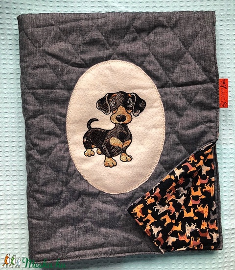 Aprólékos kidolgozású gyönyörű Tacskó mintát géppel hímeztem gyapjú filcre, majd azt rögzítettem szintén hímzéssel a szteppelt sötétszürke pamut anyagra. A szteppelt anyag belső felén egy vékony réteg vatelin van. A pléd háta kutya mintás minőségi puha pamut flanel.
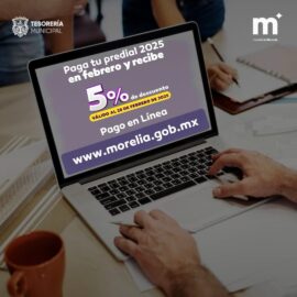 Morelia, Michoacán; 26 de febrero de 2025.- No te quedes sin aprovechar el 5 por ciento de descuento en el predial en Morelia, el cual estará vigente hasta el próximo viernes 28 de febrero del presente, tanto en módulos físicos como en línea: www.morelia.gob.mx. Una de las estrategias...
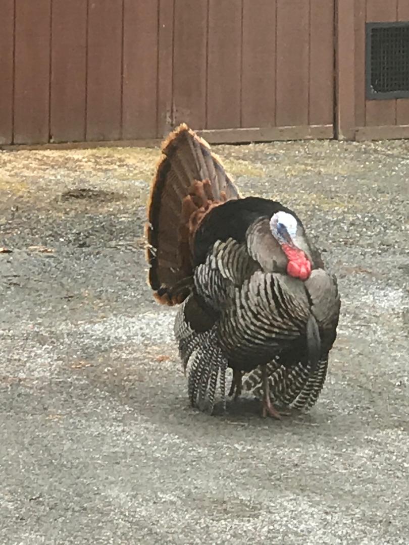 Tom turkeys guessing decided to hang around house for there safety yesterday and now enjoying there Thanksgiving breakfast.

##############################

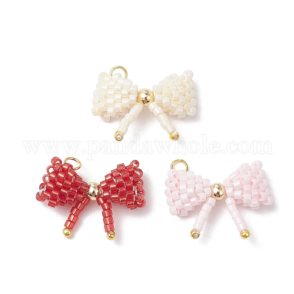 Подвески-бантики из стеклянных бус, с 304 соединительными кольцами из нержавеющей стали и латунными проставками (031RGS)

##############################

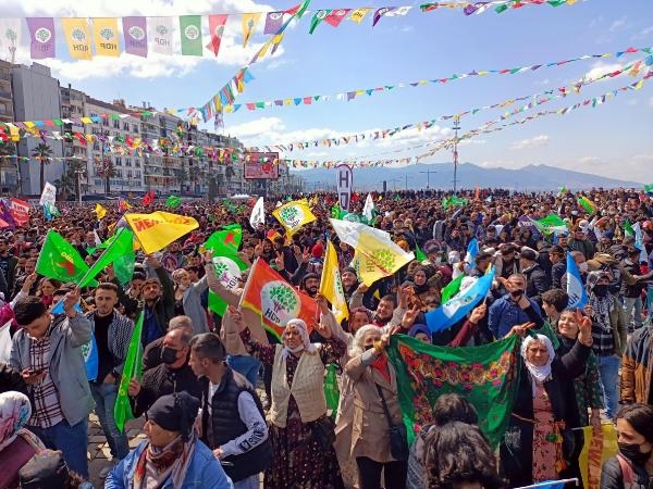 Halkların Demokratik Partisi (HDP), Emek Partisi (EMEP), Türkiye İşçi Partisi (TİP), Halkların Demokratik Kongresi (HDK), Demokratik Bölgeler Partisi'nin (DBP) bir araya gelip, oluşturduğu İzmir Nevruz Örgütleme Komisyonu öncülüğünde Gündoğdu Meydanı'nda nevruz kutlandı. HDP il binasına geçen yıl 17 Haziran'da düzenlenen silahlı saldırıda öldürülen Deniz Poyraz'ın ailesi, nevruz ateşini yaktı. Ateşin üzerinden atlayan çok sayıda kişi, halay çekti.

##############################

◆ Assigned task:
Using the listing above, reproduce word for word every line from the one containing "Aprólékos kidolgozású gyönyörű" through the one containing "Tom turkeys guessing". Pictures must be left out.

◆ Task result:
 Aprólékos kidolgozású gyönyörű Tacskó mintát géppel hímeztem gyapjú filcre, majd azt rögzítettem szintén hímzéssel a szteppelt sötétszürke pamut anyagra. A szteppelt anyag belső felén egy vékony réteg vatelin van. A pléd háta kutya mintás minőségi puha pamut flanel.
 Morelia, Michoacán; 26 de febrero de 2025.- No te quedes sin aprovechar el 5 por ciento de descuento en el predial en Morelia, el cual estará vigente hasta el próximo viernes 28 de febrero del presente, tanto en módulos físicos como en línea: www.morelia.gob.mx. Una de las estrategias...
 Tom turkeys guessing decided to hang around house for there safety yesterday and now enjoying there Thanksgiving breakfast.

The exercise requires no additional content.